Questions (you may respond in a cell or cells below):

1. Since we’re starting off with random guesses, it might be surprising that the unsupervised NB works at all. Explain what characteristics of the data cause it to work pretty well (say, within 10% Accuracy of the supervised NB) most of the time; also, explain why it utterly fails sometimes.
2. When evaluating supervised NB across the four different datasets, you will observe some variation in effectiveness (e.g. Accuracy). Explain what causes this variation. Describe and explain any particularly suprising results.
3. Evaluating the model on the same data that we use to train the model is considered to be a major mistake in Machine Learning. Implement a hold–out (hint: check out numpy.shuffle()) or cross–validation evaluation strategy. How does your estimate of Accuracy change, compared to testing on the training data? Explain why. (The result might surprise you!)
4. Implement one of the advanced smoothing regimes (add-k, Good-Turing). Do you notice any variation in the predictions made by either the supervised or unsupervised NB classifiers? Explain why, or why not.
5. The lecture suggests that deterministically labelling the instances in the initialisation phase of the unsupervised NB classifier “doesn’t work very well”. Confirm this for yourself, and then demonstrate why.

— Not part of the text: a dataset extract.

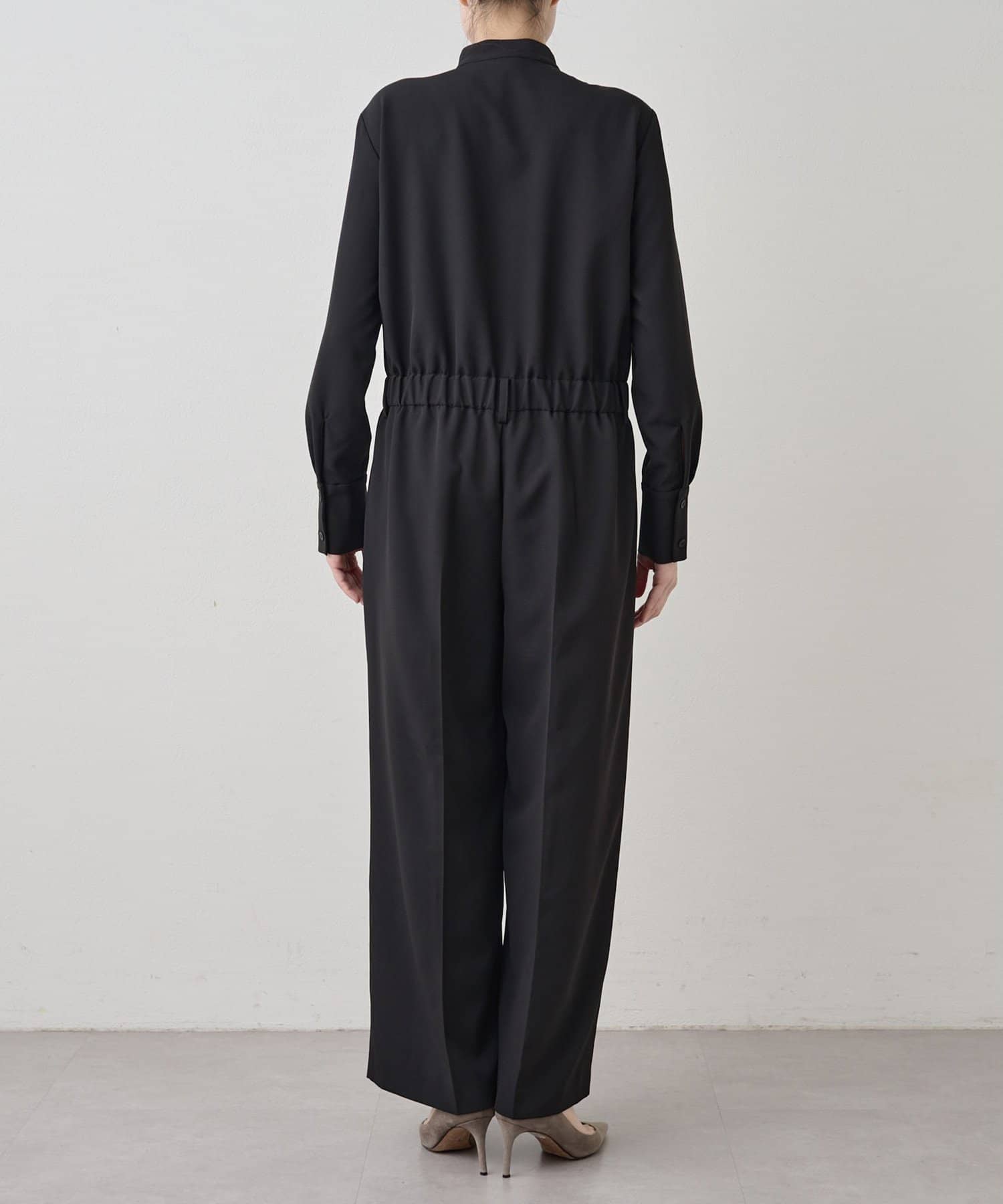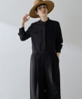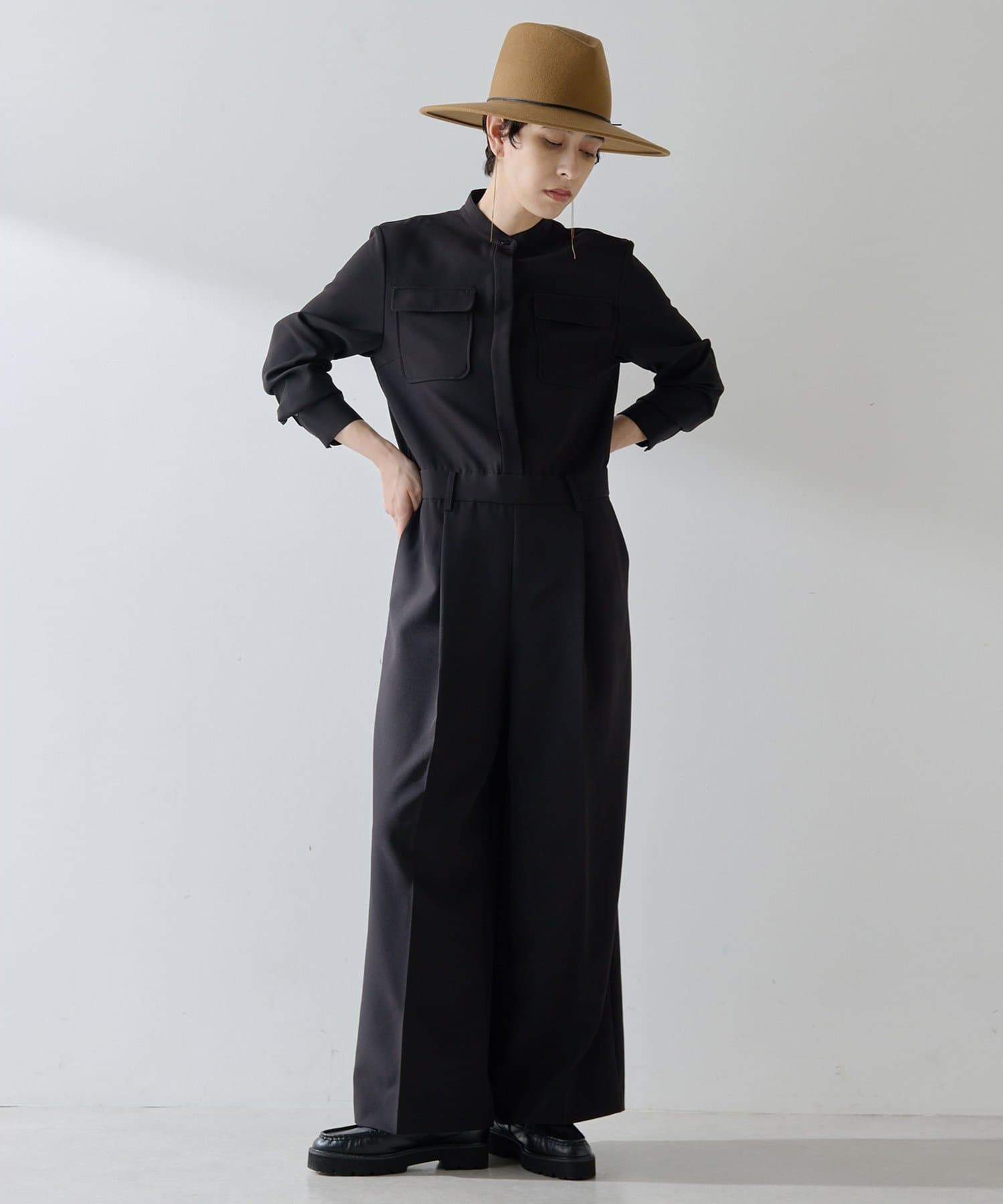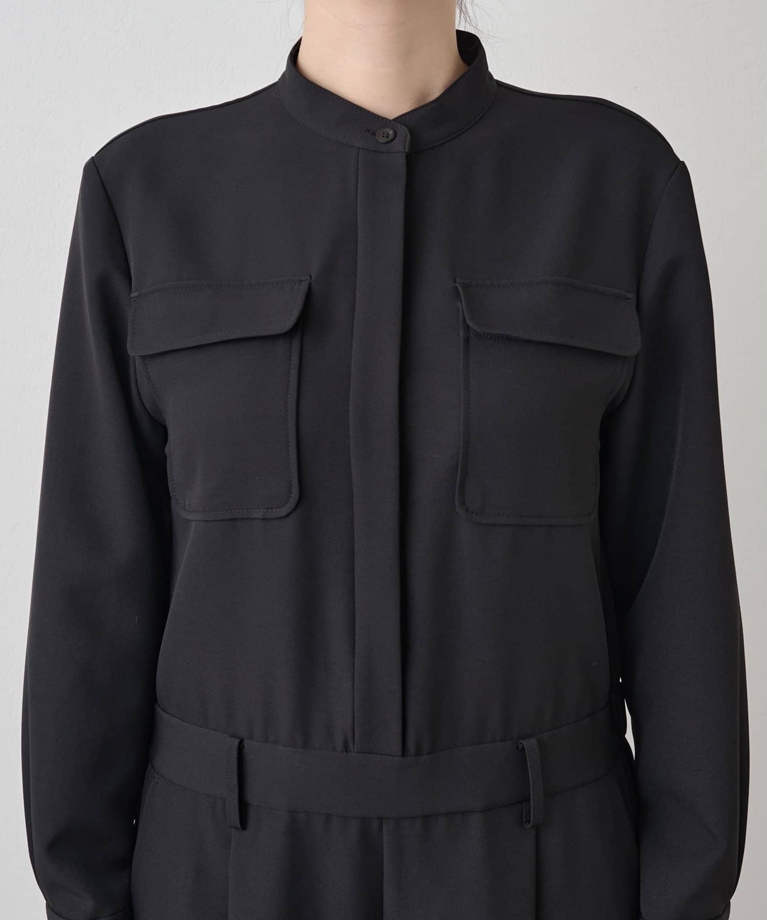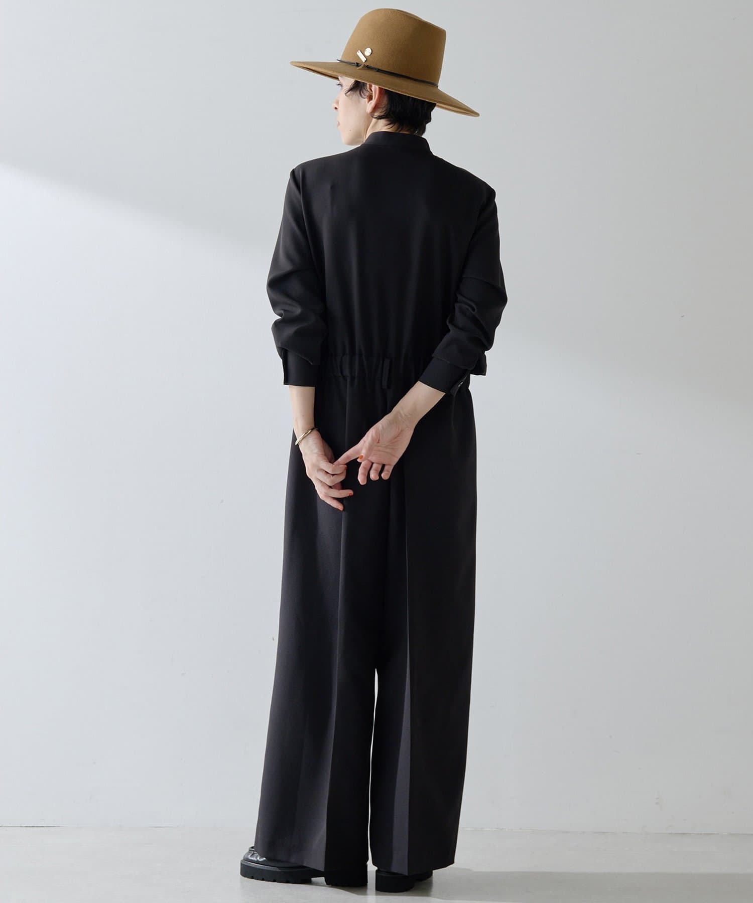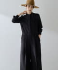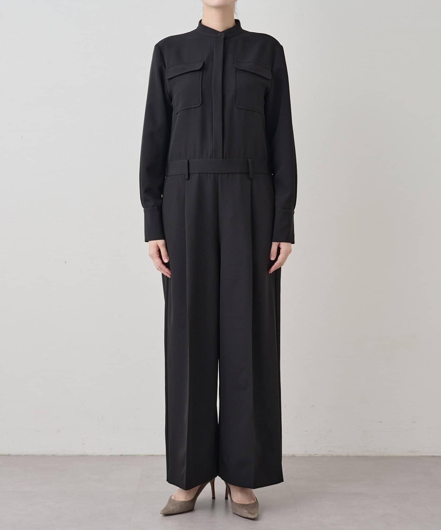 ■すっきりとしたバンドカラーで、マスキュリンな印象に仕上げたジャンプスーツ。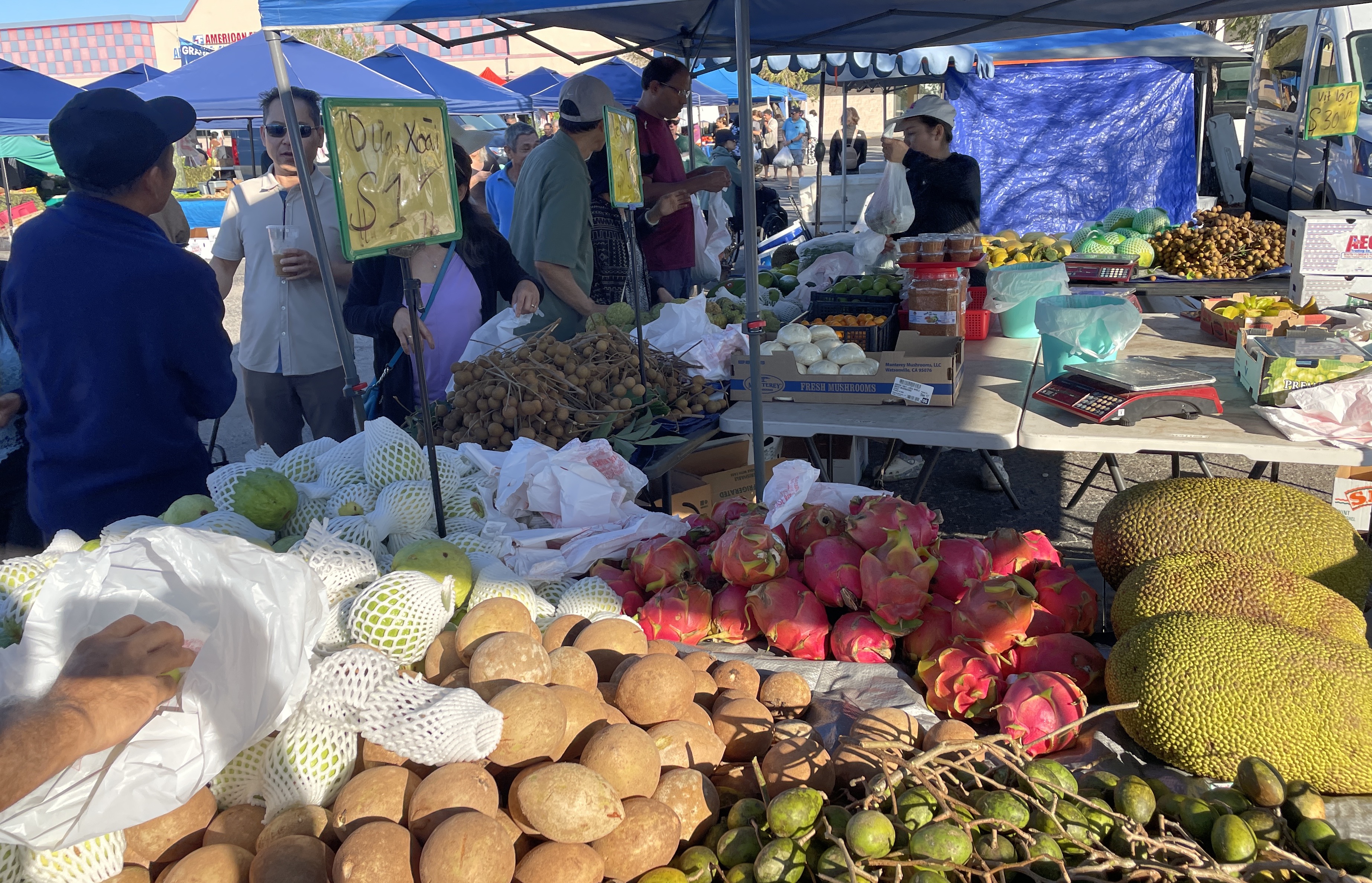 Những ngày ở đây chúng tôi đi chợ trời cuối tuần, có hàng quán bán cháo lòng, bún mắm, nước mía. Cuối tháng 12 dương lịch mà có nhiều trái cây quê nhà như na, sapôchê, mít, vú sữa, ô ma, nhãn, xoài, ổi, cóc, khế; các loại rau muống, rau mồng tơi, rau dền, mướp hương. Rau tương đối rẻ còn trái cây nếu so với California thì không. Sapôchê, nhãn 5 đô một cân Anh, na nhỏ 8 đô, na lớn 15 đô một cân, vú sữa hai trái 8 đô 50 xu. Cây me non, cao chừng một mét có người mua với giá 40 đô.

6. Rather than evaluating the unsupervised NB classifier by assigning a class deterministically, instead calculate how far away the probabilistic estimate of the true class is from 1 (where we would be certain of the correct class), and take the average over the instances. Does this performance estimate change, as we alter the number of iterations in the method? Explain why.
7. Explore what causes the unsupervised NB classifier to converge: what proportion of instances change their prediction from the random assignment, to the first iteration? From the first to the second? What is the latest iteration where you observe a prediction change? Make some conjecture(s) as to what is occurring here.

Don't forget that groups of 1 student should respond to question (1), and one other question. Groups of 2 students should respond to question (1), and three other questions. Your responses should be about 100-200 words each.